PROBLEM DETAILS: Write out the lines of the material below exactly, beginning at the line with "2020年度全国政府采购食材餐饮大数据信用TOP101~200" and stopping after the line with "El Departamento de", and leave out the pictures.

### INPUT DATA ###

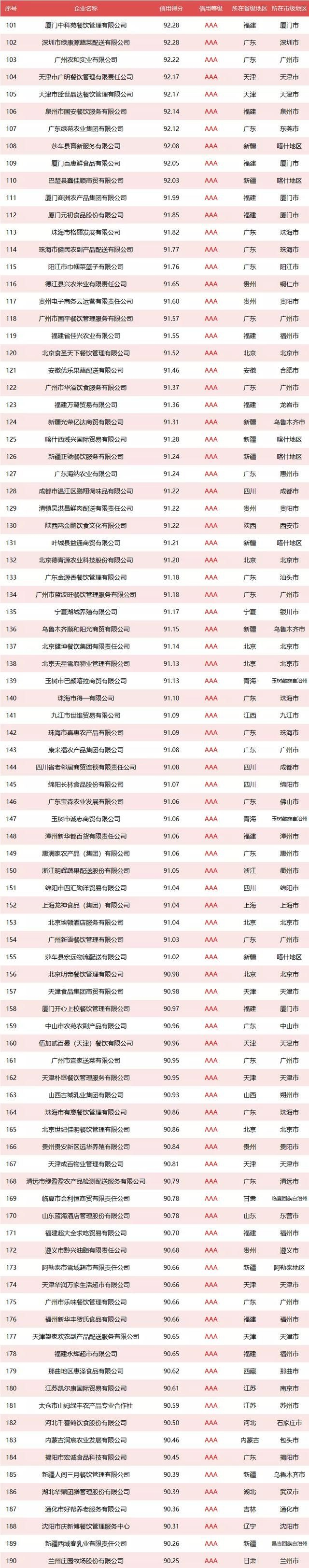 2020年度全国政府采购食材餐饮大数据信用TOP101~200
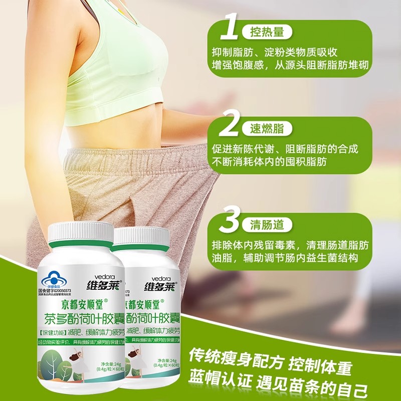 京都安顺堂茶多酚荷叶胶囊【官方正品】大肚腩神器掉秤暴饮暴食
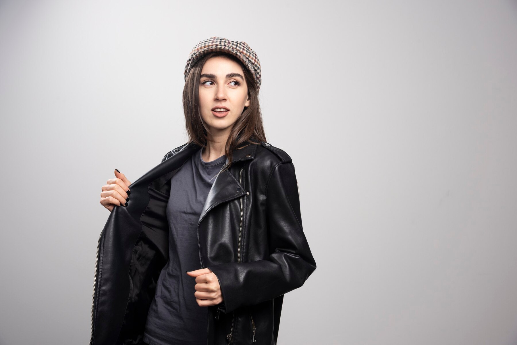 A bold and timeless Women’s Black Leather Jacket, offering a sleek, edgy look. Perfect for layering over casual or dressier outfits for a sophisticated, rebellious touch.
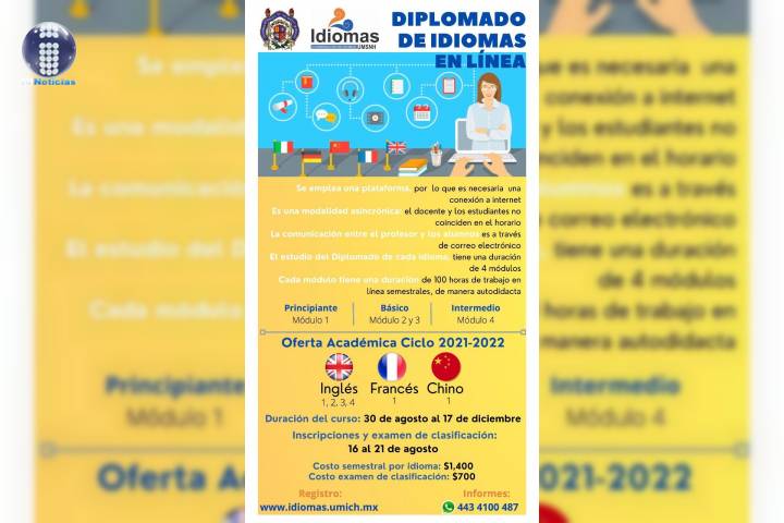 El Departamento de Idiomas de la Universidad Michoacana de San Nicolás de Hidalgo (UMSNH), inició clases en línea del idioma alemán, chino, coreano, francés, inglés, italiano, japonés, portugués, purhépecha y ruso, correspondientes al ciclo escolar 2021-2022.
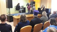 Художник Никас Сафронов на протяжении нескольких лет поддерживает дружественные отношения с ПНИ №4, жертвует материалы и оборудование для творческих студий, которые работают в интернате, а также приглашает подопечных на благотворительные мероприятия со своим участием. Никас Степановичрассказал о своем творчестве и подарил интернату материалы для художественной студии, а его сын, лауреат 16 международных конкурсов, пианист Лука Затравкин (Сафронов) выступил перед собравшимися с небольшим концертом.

###
### INPUT DATA ###

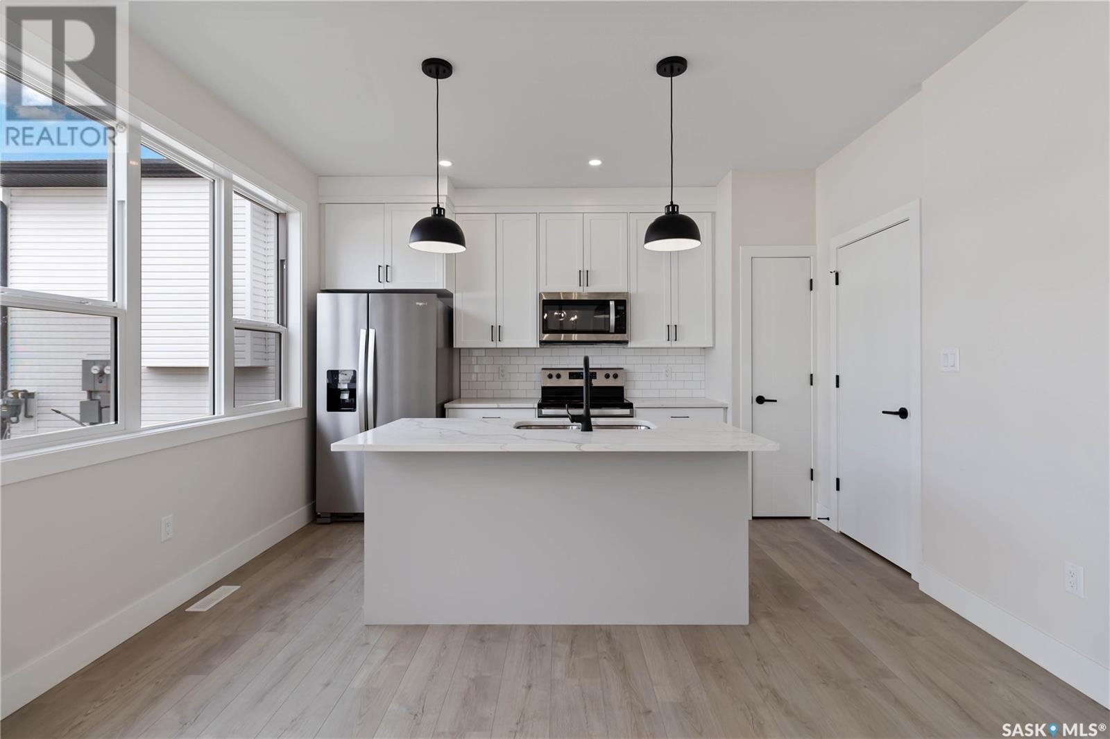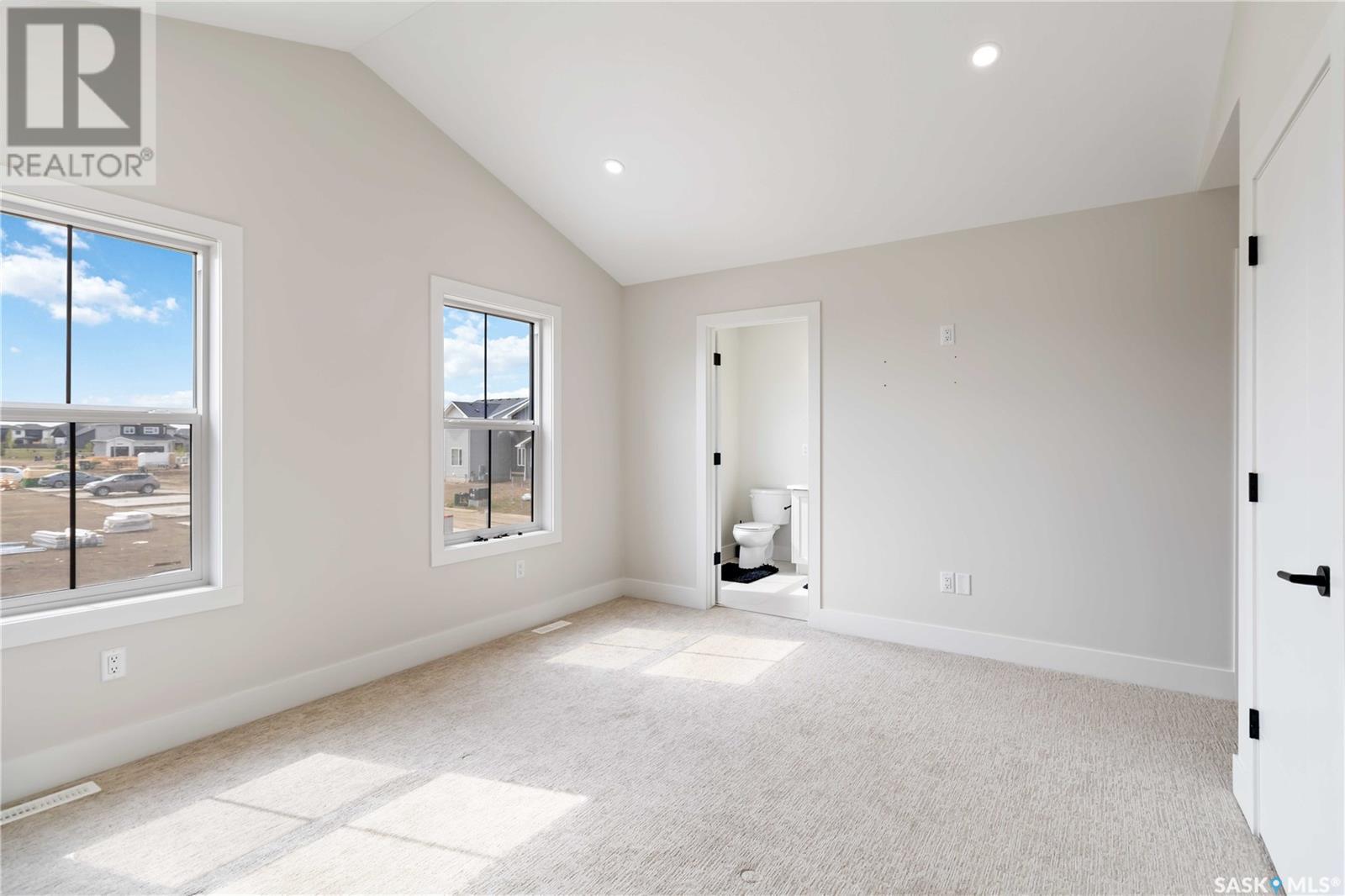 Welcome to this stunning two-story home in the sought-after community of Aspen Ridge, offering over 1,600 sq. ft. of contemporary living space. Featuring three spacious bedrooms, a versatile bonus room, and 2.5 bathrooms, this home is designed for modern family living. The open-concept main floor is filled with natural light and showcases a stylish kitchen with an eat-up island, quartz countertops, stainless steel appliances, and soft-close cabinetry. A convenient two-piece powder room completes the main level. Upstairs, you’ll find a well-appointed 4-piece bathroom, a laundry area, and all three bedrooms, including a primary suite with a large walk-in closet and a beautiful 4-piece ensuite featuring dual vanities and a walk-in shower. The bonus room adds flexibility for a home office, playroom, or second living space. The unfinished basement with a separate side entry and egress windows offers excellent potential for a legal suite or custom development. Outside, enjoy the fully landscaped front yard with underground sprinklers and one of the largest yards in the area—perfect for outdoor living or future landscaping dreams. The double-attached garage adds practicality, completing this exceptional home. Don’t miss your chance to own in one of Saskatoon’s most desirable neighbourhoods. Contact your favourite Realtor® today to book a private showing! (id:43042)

###

RESULT FOR THIS TASK:
 2020年度全国政府采购食材餐饮大数据信用TOP101~200
 京都安顺堂茶多酚荷叶胶囊【官方正品】大肚腩神器掉秤暴饮暴食
 A bold and timeless Women’s Black Leather Jacket, offering a sleek, edgy look. Perfect for layering over casual or dressier outfits for a sophisticated, rebellious touch.
 El Departamento de Idiomas de la Universidad Michoacana de San Nicolás de Hidalgo (UMSNH), inició clases en línea del idioma alemán, chino, coreano, francés, inglés, italiano, japonés, portugués, purhépecha y ruso, correspondientes al ciclo escolar 2021-2022.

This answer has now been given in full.